Opinion by Matt S.
Sony is, of course, a Japanese company. However, the company’s behaviour over the last couple of years towards Japanese games, and indeed, Japanese storytelling and culture, has been something that has started to concern me, because it seems like Sony, in its continued push to remain at the top of global entertainment markets, is forcing a very monocultural and western perspective through its console. I don’t like the way Microsoft has been doing that over the last generation or so, and I’m no more inclined to like what’s going on with Sony.
Let’s start with the controversies around fan service. You don’t have to like it, and certainly it’s fine to criticise it, but fan service is undeniably a significant part of the Japanese anime, manga and gaming industries. Often it’s done for less-than-worthwhile reasons (and, again, it’s fine to criticise it for that), but at other times context matters and thematically the material absolutely requires it. It would seem that irrespective of the purpose of the fan service, Sony is pushing hard to dull it in games published to PlayStation 4. Not just with regards to nudity and pornography (which Sony, like all console manufacturers, has strict rules against), but also the display of underwear and other light moments of sexuality. For example, the screenshot at the top of this article is from a game which Sony is forcing edits on in order to allow it to release on PlayStation 4. Underneath those rays of light (the edited content), and in other versions of the game, on Nintendo Switch and PC, she’s wearing a standard swimsuit bikini.

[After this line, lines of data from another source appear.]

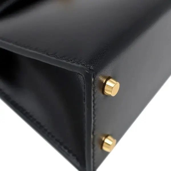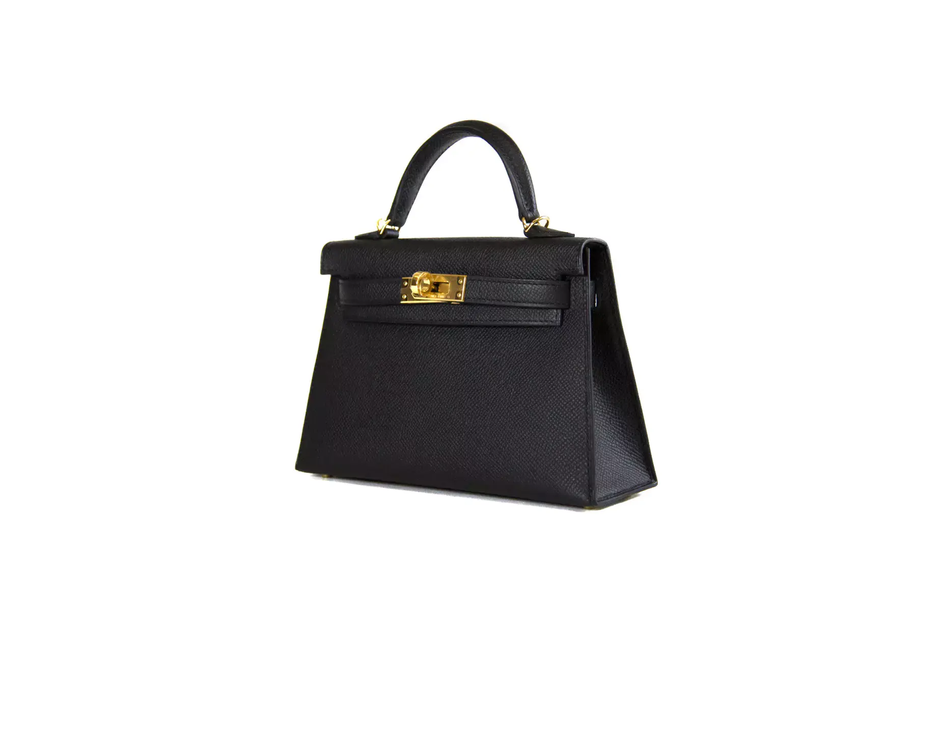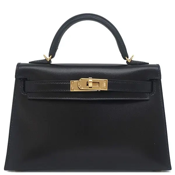 The handbag in the image is a Hermès Kelly Sellier 20 Mini in black box calf leather with gold hardware. This highly sought-after bag is known for its structured, sharp silhouette and classic appeal.
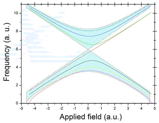 Bulk and bound states in a chain of seven macrospins in Stoner-Wohlfahrt model.
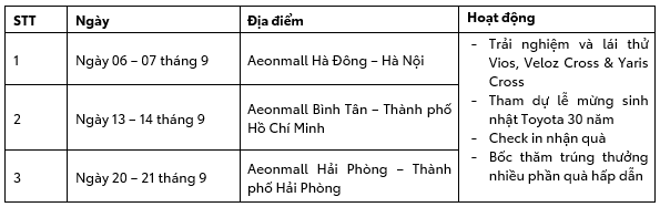Hà Nội, ngày 04 tháng 9 năm 2025 – Nhân dịp kỷ niệm 30 năm thành lập, Công ty Ô tô Toyota Việt Nam (TMV) chính thức giới thiệu phiên bản đặc biệt kỷ niệm 30 năm cho ba mẫu xe chủ lực: Vios, Veloz Cross và Yaris Cross.
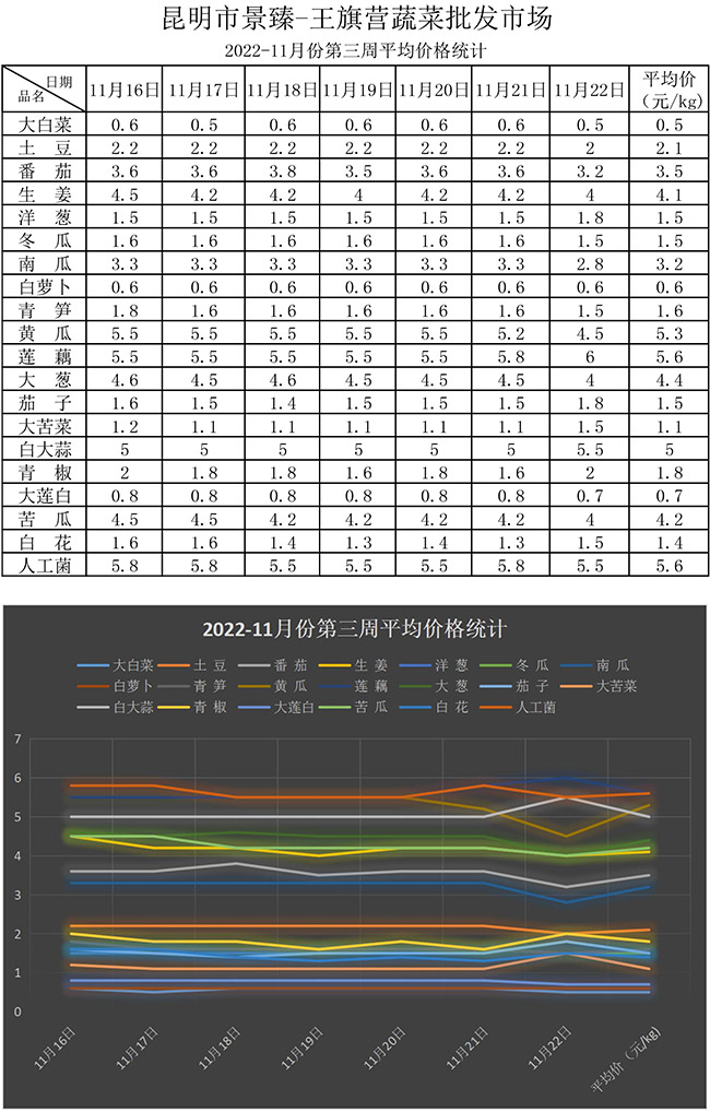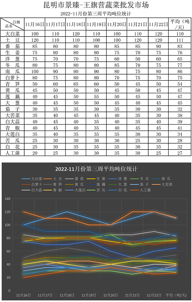 • 【20個(gè)蔬菜平均價(jià)格噸位統(tǒng)計(jì)分析】2022年11月第三周
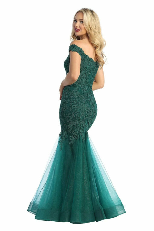 A stunning prom gown with an off-shoulder neckline and a sheer beaded lace corset bodice, featuring elegant embellishments. Available in Emerald, Teal, Slate Blue, Black, Red and Burgundy sizes XS-3XL.
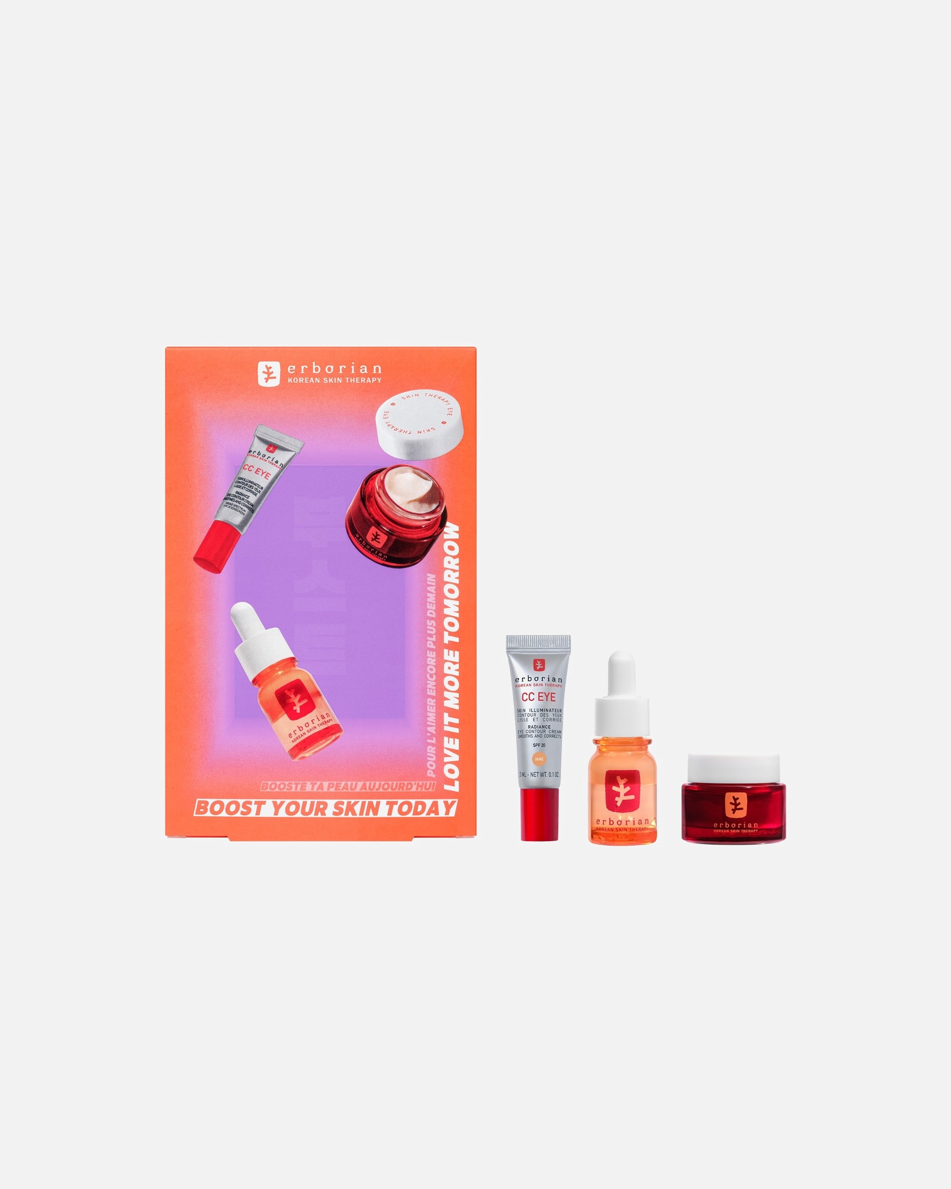 Depuis des générations, les Coréennes pratiquent le layering : une routine beauté qui consiste à appliquer de nombreuses couches de soins différents, selon des principes transmis de mère en fille. La marque partage ce savoir avec vous grâce à la Smart Routine Erborian, une routine en trois étapes : DETOX, le double nettoyage coréen, BOOST : le soin de la peau grâce aux bienfaits des plantes coréennes et FINISH : les produits hybrides pour un teint clair. Libre à vous de suivre cette routine, ou d’utiliser les produits Erborian comme bon vous semble.

The first shots fired across the bow were with the PQube-published Omega Labyrinth, which, after getting itself banned in countries like the UK for sexualised material, then found itself denied a place on Sony’s platform at all, forcing PQube to abort the project completely.
Then came a spate of news over the last few weeks with XSEED being forced to remove a gameplay mode from its upcoming Senran Kagura title, despite the mode being present in previous games, and new reports out of Japan that a visual novel (Nora to Oujo to Noraneko Heart), currently slated for a Japan-only release, is being forced to use strategic beams of light and other nonsense in order to preserve the modesty of characters. All together, over the last couple of months, there have been six games subjected to these mandatory edits, or outright refusal by Sony, making them not isolated incidences, but a clear trend.
This is compounded by reports that developers, if they want to appeal the Sony mandates, need to make their application to do so in English. Not Japanese. The developer needs to deal with the non-Japan part of Sony. From off-record conversations that I’ve been having with those involved with Japanese games and Sony, these aren’t new rules from the publisher so much as a crackdown on existing conditions for publishing a game on a Sony platform, but the fact that interactions with Sony need to be conducted in English make it quite clear that the supposedly Japanese giant is having its policy dictated to it by its western branch.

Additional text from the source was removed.